Iroquois Industries, Inc. v. Syracuse China Corp.

417 F.2d 963, 1969 U.S. App. LEXIS 10196
CourtCourt of Appeals for the Second Circuit
DecidedNovember 3, 1969
DocketNo. 428, Docket 32984
StatusPublished
Cited by67 cases

This text of 417 F.2d 963 (Iroquois Industries, Inc. v. Syracuse China Corp.) is published on Counsel Stack Legal Research, covering Court of Appeals for the Second Circuit primary law. Counsel Stack provides free access to over 12 million legal documents including statutes, case law, regulations, and constitutions.

Bluebook
Iroquois Industries, Inc. v. Syracuse China Corp., 417 F.2d 963, 1969 U.S. App. LEXIS 10196 (2d Cir. 1969).

Opinion

WYATT, District Judge:

The principal question, an important one, raised by this appeal is the extent to which Section 10(b) of the Securities Exchange Act of 1934 (15 U.S.C. § 78a and following; the “1934 Act”) is applicable in tender offer situations. Closely related is a question as to the continuing vitality of the decision of this Court in Birnbaum v. Newport Steel Corp., 193 F.2d 461 (2d Cir.), cert. denied 343 U.S. 956, 72 S.Ct. 1051, 96 L.Ed. 1356 (1952).
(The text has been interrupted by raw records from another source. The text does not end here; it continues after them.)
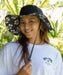 トレンドを意識した、ワイドブリムのビーチハット。ちらっと見えさせてアクセントになるよう内側にシーズナル柄をプリントしました。サイドにはアーチロゴの刺繍を付けワンポイントにしました。取り外しができる便利なループストラップ、内側にはサイズ調整ができるアジャスター付き。撥水加工をほどこしているので、水遊びやアウトドアでラッシュガードとコーディネートを楽しめます。また、タウンユースもできるユーティリティアイテムです。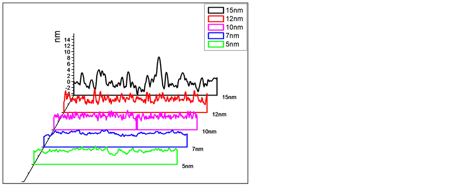 In Figure 2, we can see that surface fluctuation is relatively flat when the thicknesses are 5 and 7 nm. While, the surface fluctuation becomes severely when the thickness increases from 10 nm to 15 nm. So peak-to-valley values are 4.573 nm (5 nmAg), 4.681 nm (7n mAg), 6.133 nm (10 nmAg), 9.764 nm (12 nmAg), and 14.177 nm (15 nmAg), respectively. We can also see that from the picture the width of the peaks or valleys increases gradually from 16nm (10 nmAg) to 41 nm (15 nmAg), which is used to estimate the average particle size.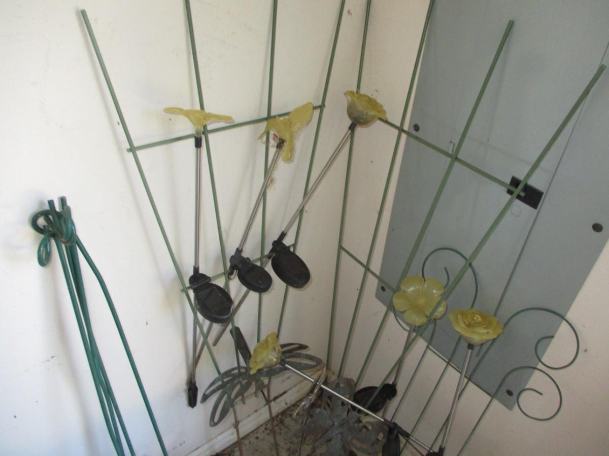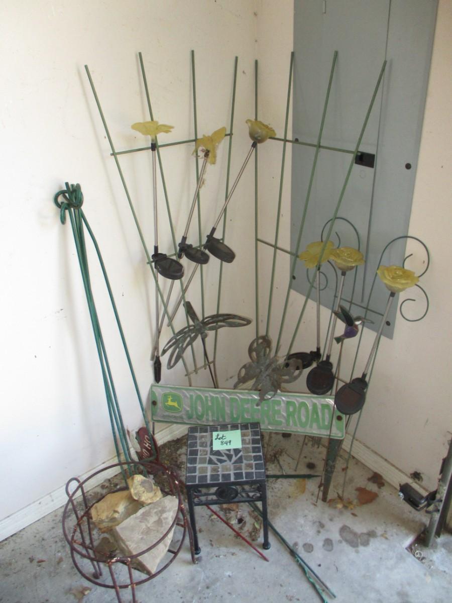 Aluminum John Deere sign, Solar Lights, Vine Trellis, Flagstands

The rule laid down in Birnbaum is that a civil action under Section 10(b) of the 1934 Act (15 U.S.C. § 78j(b)) may be maintained only by a purchaser or seller of securities. We find no reason to deviate from that rule in the present case. The decision below is therefore affirmed.
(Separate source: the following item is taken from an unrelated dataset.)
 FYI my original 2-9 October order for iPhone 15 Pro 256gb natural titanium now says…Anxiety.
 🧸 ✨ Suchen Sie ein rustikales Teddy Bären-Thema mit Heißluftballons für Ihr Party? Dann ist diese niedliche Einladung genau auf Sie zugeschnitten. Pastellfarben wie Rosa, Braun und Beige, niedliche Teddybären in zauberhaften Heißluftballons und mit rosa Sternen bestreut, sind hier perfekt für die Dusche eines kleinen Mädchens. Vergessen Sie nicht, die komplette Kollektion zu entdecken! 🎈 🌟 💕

Iroquois Industries, Inc. (Iroquois), the appellant, wanted to buy 50,000 shares of common stock of Syracuse China Corporation .(Syracuse China), evidently to secure working control of Syracuse China. Iroquois made a public offer to purchase the shares and invited stockholders to tender their shares for purchase. The management of Syracuse China resisted the tender offer and it failed. Iroquois then brought this action, charging violations of Section 10 (b) and other sections of the 1934 Act.

Judge Henderson in the Western District of New York granted motions of the defendants and, with an unreported memorandum opinion, dismissed the action as to all defendants for failure of the complaint to state a claim upon which relief can be granted (Fed.R.Civ.P. 12 (b) (6)). We agree that the action should be dismissed.

The complaint has five counts, each purporting to state a separate claim. The averments of the complaint for present purposes must be assumed to be true.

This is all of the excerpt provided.